We can ask the following kind of question: how many "levels" did AM progress
along? This is a fuzzy notion, but basically we shall say that a new level is
reached when a valuable new 
bunch of connected concepts are
defined in terms of concepts at a lower level.

For example, AM started out knowing about Sets and Set-operations. 
When it progressed
to numbers and arithmetic, that was one big step up to a new level. When it
zeroed in on primes, unique-factorization, and divisibility, it had moved up another
level.

When fed simple geometry concepts, AM moved up one level when it defined some
generalizations of the equality of geometric figures (parallel lines,
congruent and similar triangles, angles equal in measure) and their invariants
(rotations, translations, reflections).

The above few examples are unfortunately exhaustive: that just about sums up
the major advances AM made.
Its progress was halted not so much by cpu time and space, as by a paucity of
meta-knowledge: heurstic rules for filling in new heuristic rules.
Thus AM's successes are finite, and its failures infinite, along this dimension.

A more charitable view might compare AM to a human who was forced to start from
set theory, with AM's sparse abilities. In that sense, perhaps, AM would rate
quite well. The "unfair" advantage it had was the presence of many heuristics
which themselves were gleaned from mathematicians: i.e., they are like compiled
hindsight. A major purpose of mathematics education in the university is to
instill these heuristics into the minds of the students.

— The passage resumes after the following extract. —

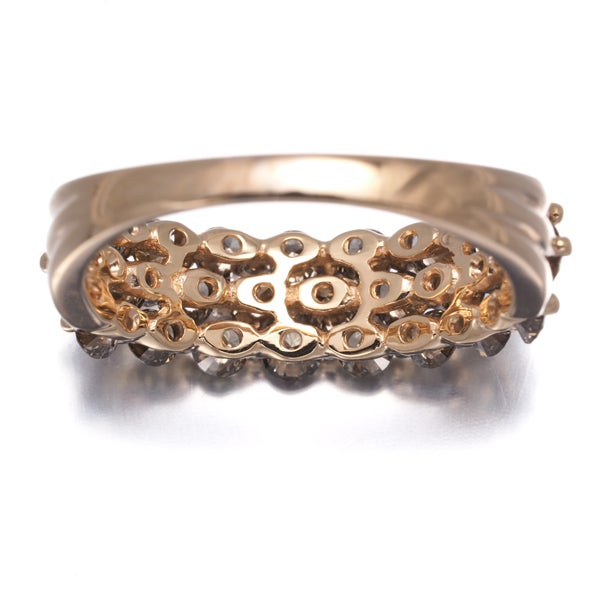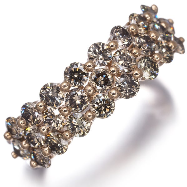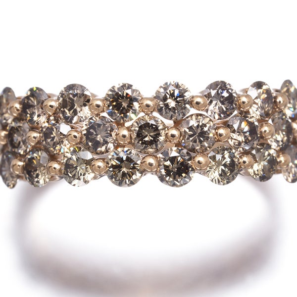上質の透明感と艶やかなテリから眩い虹色の光彩を放つブラウンダイヤならではの魅力をお楽しみいただける贅沢な一品。1石1石に存在感を持たせ 総計1.46ctものボリュームに飾った煌びやかな一品。装いのお手元をエレガントに飾ってくれるダイヤモンドリングです。

AM is thus characterized as possessing heuristics which are powerful enough
to take it a few "levels" away from the kind of knowledge it began with,
but ⊗4only⊗* a few levels. The limiting factors are (i) the heuristic rules
AM begins with, and more specifically (ii) the expertise in recognizing and
compiling new heuristics, and more generally (iii) a lack of real-world
situations to draw upon for analogies, intuitions, and applications.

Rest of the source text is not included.